In Table 1 we show and give a brief overview of the fourteen genes analyzed by our group. These genes relative expressions, given by a red:green ratio are shown in Table 2 found in the results section of this web poster. Particularly interesting to this study is the relation between zms2 and zms1 mutant and wildtype genes. The wildtype expresses more than the mutant in both zms1 and zms2.  This is expected because these were the two genes that were knocked out for the microarray analysis.  All of the other genes also showed this pattern of higher wild type expression compared to the mutant. 

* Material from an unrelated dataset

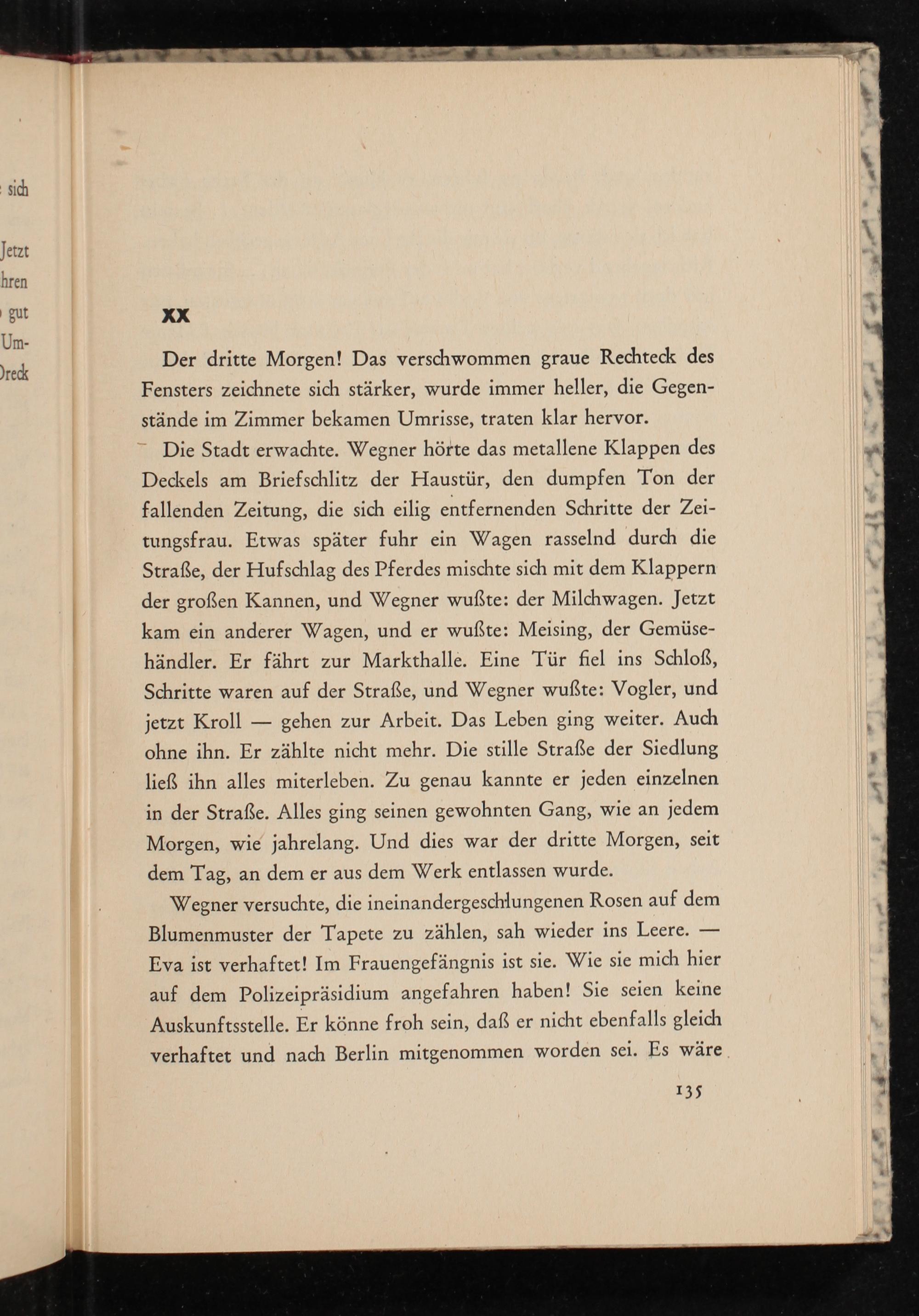 stände im Zimmer bekamen Umrisse, traten klar hervor. = Die Stadt erwachte. Wegner hörte das metallene Klappen des. Deckels am Briefschlitz der Haustür, den dumpfen Ton der fallenden Zeitung, die sich eilig entfernenden Schritte der Zei- tungsfrau. Etwas später fuhr ein Wagen rasselnd durch die Straße, der Hufschlag des Pferdes mischte sich mit dem Klappern der großen Kannen, und Wegner wußte: der Milchwagen. Jetzt kam ein anderer Wagen, und er wußte: Meising, der Gemüse- händler. Er fährt zur Markthalle. Eine Tür fiel ins Schloß, | Schritte waren auf der Straße, und Wegner wußte: Vogler, und | jetzt Kroll— gehen zur Arbeit. Das Leben ging weiter. Auch

In Image 5, we clustered all of the genes in Table 2 with other slides using hierarchical clustering.  Slides #107 and #131 were used for the comparisons.  The group that we formed from these did not show as many correlations between the genes as we had expected.  However, ZMS1 expressed similarly to three of the other genes, although it did not for the ZMS2 and ZWF1 genes.  We can conclude that the ZMS1 gene may be in the same area of the genome as the three genes that were similar.  It might be possible to conclude that the ZMS1 gene does not have an effect on the expression of ZWF1, as hypothesized.  However, further microarray analyses would need to be performed to further accept this conclusion.  Nowadays, it takes upwards of 8 microarrays for a researcher to be published and have his or her data recognized because of the difficulty in obtaining accurate results.

To improve upon these results, we would want to take the precautions mentioned in the first paragraph to ensure that the RNA is not contaminated.  If the results wanted to be futher examined then more microarrays should be performed on this data.  It would also be interesting to knock out some of the other oxidative stress genes to observe their effects on some of the ones chosen.